Wikipedia is a free, web-based, collaborative, multilingual encyclopedia project supported by the non-profit Wikimedia Foundation. Its 15 million articles (over 3.3 million in English) have been written collaboratively by volunteers around the world, and almost all of its articles can be edited by anyone with access to the site. Wikipedia was launched in 2001 by Jimmy Wales and Larry Sanger and is currently the largest and most popular general reference work on the Internet, ranked 7th among all websites on Alexa.
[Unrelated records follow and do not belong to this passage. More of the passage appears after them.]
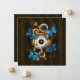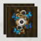 Composition d'une horloge ronde steampunk avec cadran à chiffres romains noirs, décorée de rouages en or et laiton, de papillons Morpho bleus et de lentilles endommagées sur fond brun rayé. Style steampunk.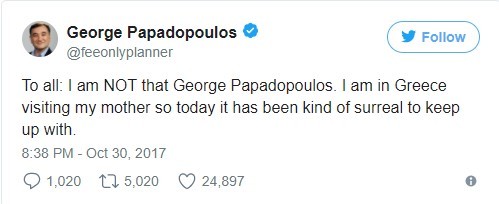 Αυτή είναι μια από τις πολλές αναρτήσεις που έκανε στο twitter o οικονομικός σύμβουλος Γιώργος Παπαδόπουλος, για να εξηγήσει σε χιλιάδες ανθρώπους ότι έχει πέσει θύμα παρεξήγησης και ότι δεν είναι ο συνονόματος του πρώην σύμβουλος του Ντόναλντ Τραμπ.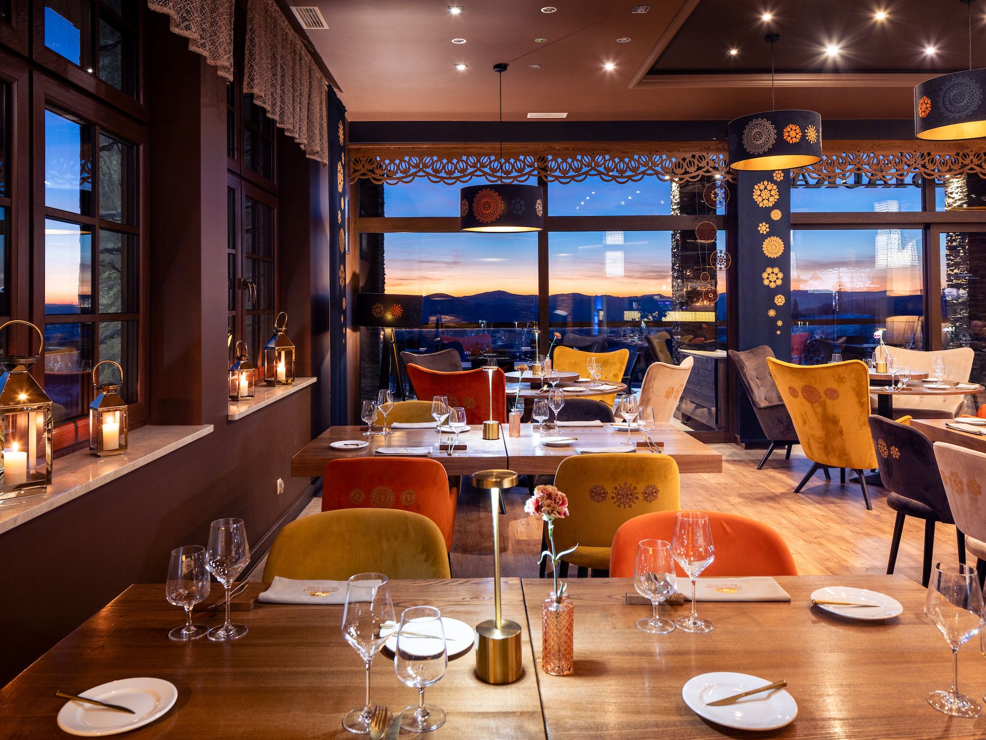 Wnętrza restauracji otwierają się na panoramę Beskidów, gdzie światło gór staje się naturalnym tłem kulinarnego doświadczenia. Elegancka, stonowana przestrzeń, wzbogacona detalami inspirowanymi góralskim rzemiosłem, łączy nowoczesny komfort z autentycznym charakterem miejsca.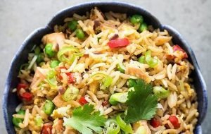 Προσθέτουμε τον αρακά, το σολομό και τα φρέσκα κρεμμυδάκια. Ανακατεύουμε και ρίχνουμε το μείγμα με τη σος σόγιας. Απομακρύνουμε από τη φωτιά. Γαρνίρουμε με μαϊντανό και σερβίρουμε αμέσως.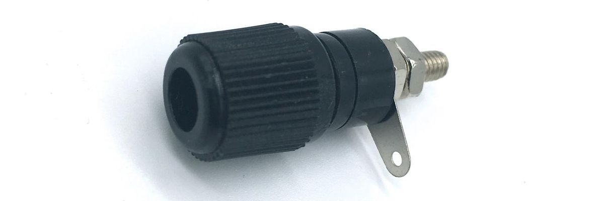 Banana posts. These are the jacks that the detachable test lead cables with alligator clip ends will plug into when the tester pedal is finished. They are also sometimes referred to as "binding posts" or "terminal binding posts," and you'll need four of these, too.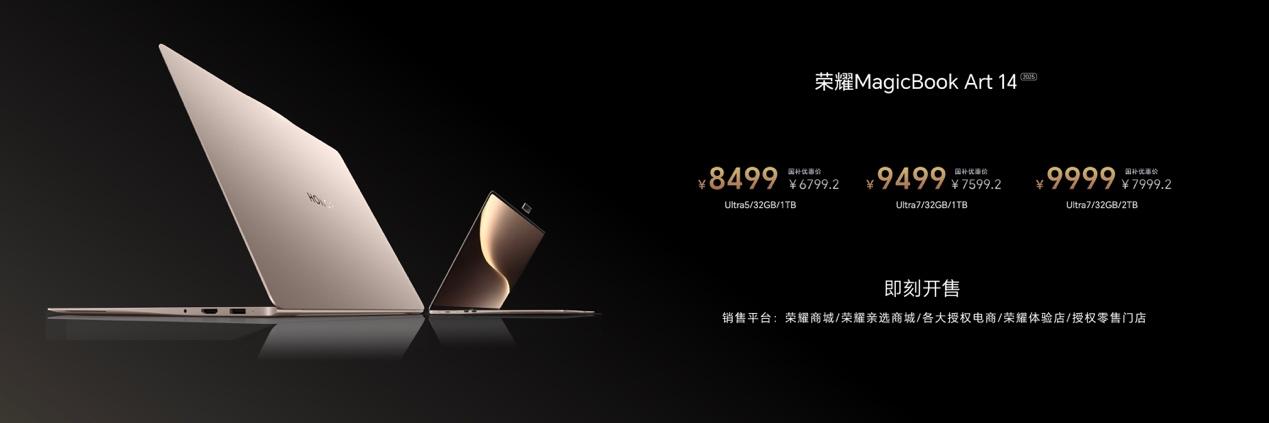 本次發(fā)布會榮耀帶來的AI終端生態(tài)家族的全家桶旗艦新品:榮耀MagicBook Art 14 2025上線一語智控功能,開啟AI PC自動(dòng)駕駛時(shí)代,首銷國補(bǔ)優(yōu)惠價(jià)6799.2元起;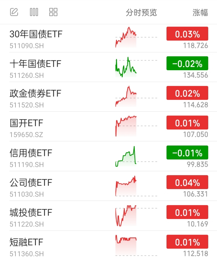 信用债ETF、公司债ETF、城投债ETF,代表信用债基。1跌2涨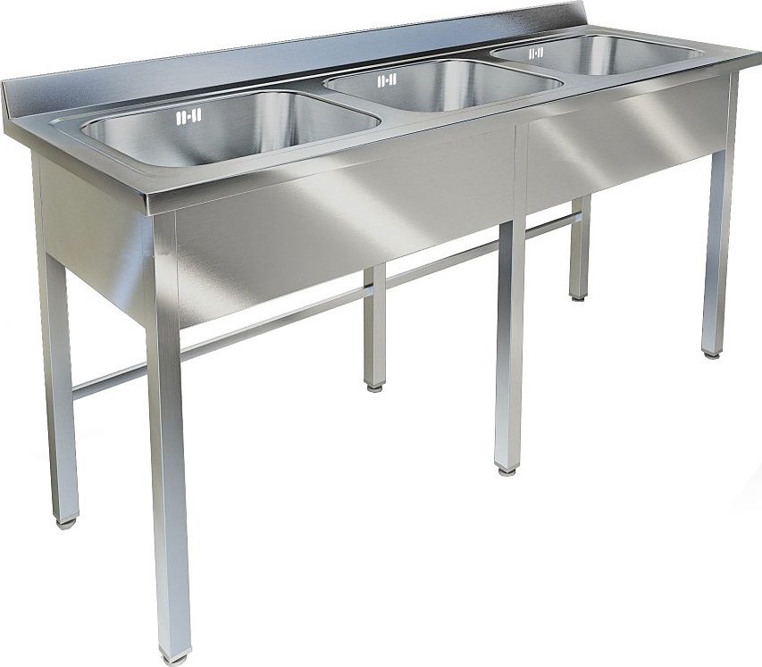 Моечная ванна Техно-ТТ ВМ-42/657 используется на предприятиях общественного питания, торговли и пищевых производствах для мытья и ополаскивания продуктов, посуды и различного инвентаря. Модель оснащена обвязкой ног по периметру, выпуском с нержавеющей решеткой, механическом запорным клапаном и регулируемыми опорами. На дне ванны ребра жесткости для снижения вибрации. Материал сварного каркаса - нержавеющая сталь AISI 430 (уголок 40x40 мм), материал емкостей - нержавеющая сталь AISI 304.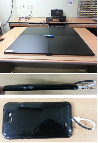Wide-range omnidirectional wireless-charging system based on DCRS can charge multiple numbers of mobile devices simultaneously in a 1m3 range. The above is a transmitter, and the below is a Samsung Galaxy Note with a receiver embedded inside.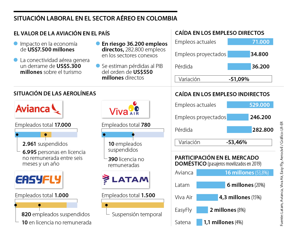 De acuerdo con la Asociación Internacional de Transporte Aéreo (Iata), 6.200 empleos directos y 282.800 indirectos están en riesgo en el país por la situación actual. LR pudo establecer que a 64,2% de los empleados directos de tres de las principales aerolíneas (Avianca, Viva Air y Easy Fly) que operan en el territorio nacional, les suspendieron los contratos o los mandaron a licencia no remunerada.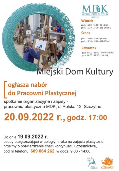 Do dnia 19 września 2022 r. osoby uczęszczające w ubiegłym roku na zajęcia plastyczne prosimy o potwierdzenie chęci kontynuacji uczestnictwa pod numerem telefonu: 609 064 262, w godzinach od 9:00 do 14:00.
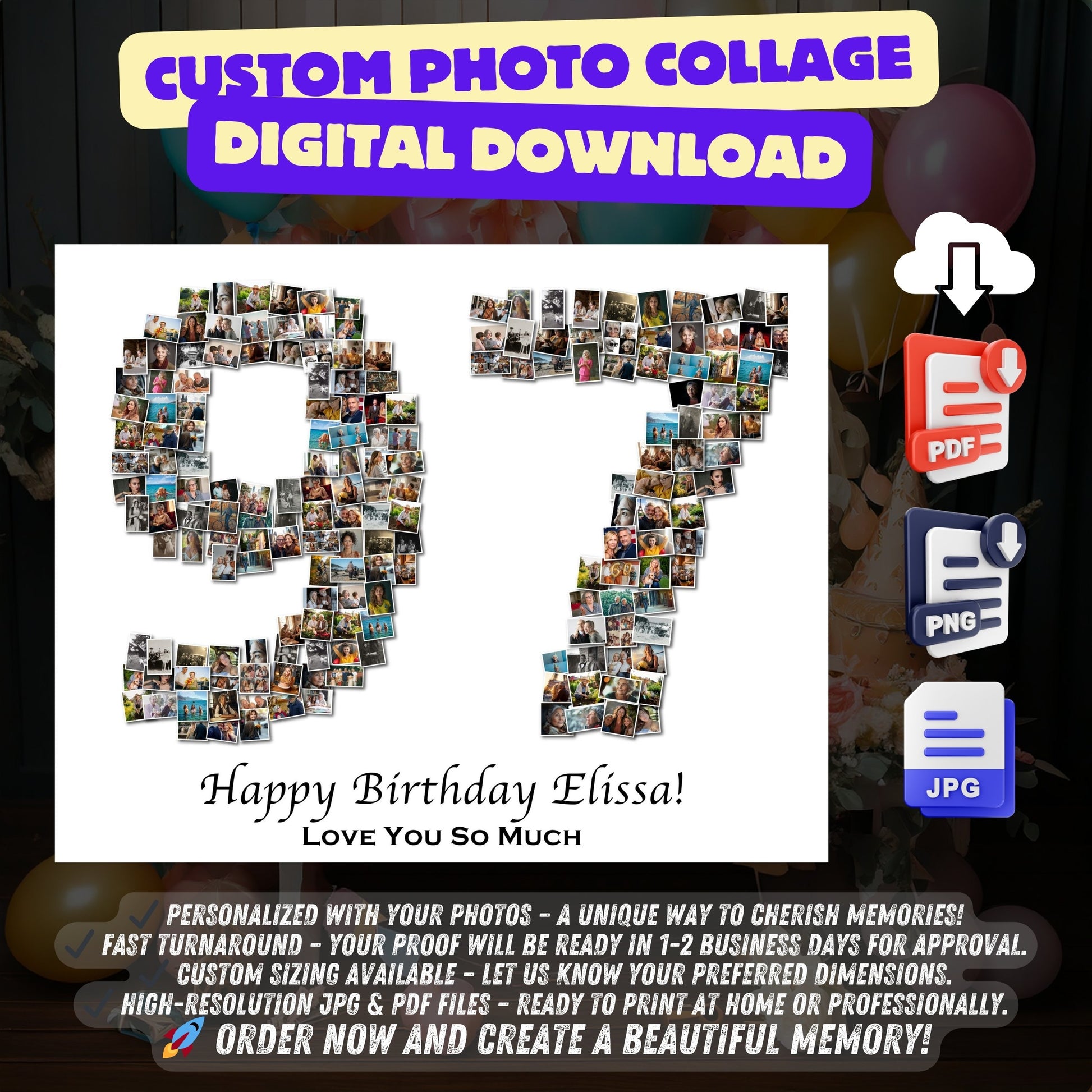Looking for a truly memorable 97th birthday gift? Our Custom 97th Birthday Number Photo Collage brings together your most cherished memories into a unique and meaningful artwork.

Wikipedia is hosted by the Wikimedia Foundation, a non-profit organization that also hosts a range of other projects:[3]

  1. Commons
  2. Free media repository Wikinews
  3. Free-content news Wiktionary
  4. Dictionary and thesaurus
  5. Wikiquote
  6. Collection of quotations Wikibooks
  7. Free textbooks and manuals Wikisource
  8. Free-content library
  9. Wikispecies
  10. Directory of species Wikiversity
  11. Free learning materials and activities Meta-Wiki
  12. Wikimedia project coordination

[1] RSS feeds from Wikipedia
[2] Blogs and Wikis: Environments for On-line Collaboration
[3] Wikipedia the free encyclopedia

Relating articles selected Andreea Loffler

The Wall Street Journal Online has an interesting debate between Jimbo Wales of Wikipedia and Dale Hoiberg, editor in chief of Encyclopedia Britannica.[4]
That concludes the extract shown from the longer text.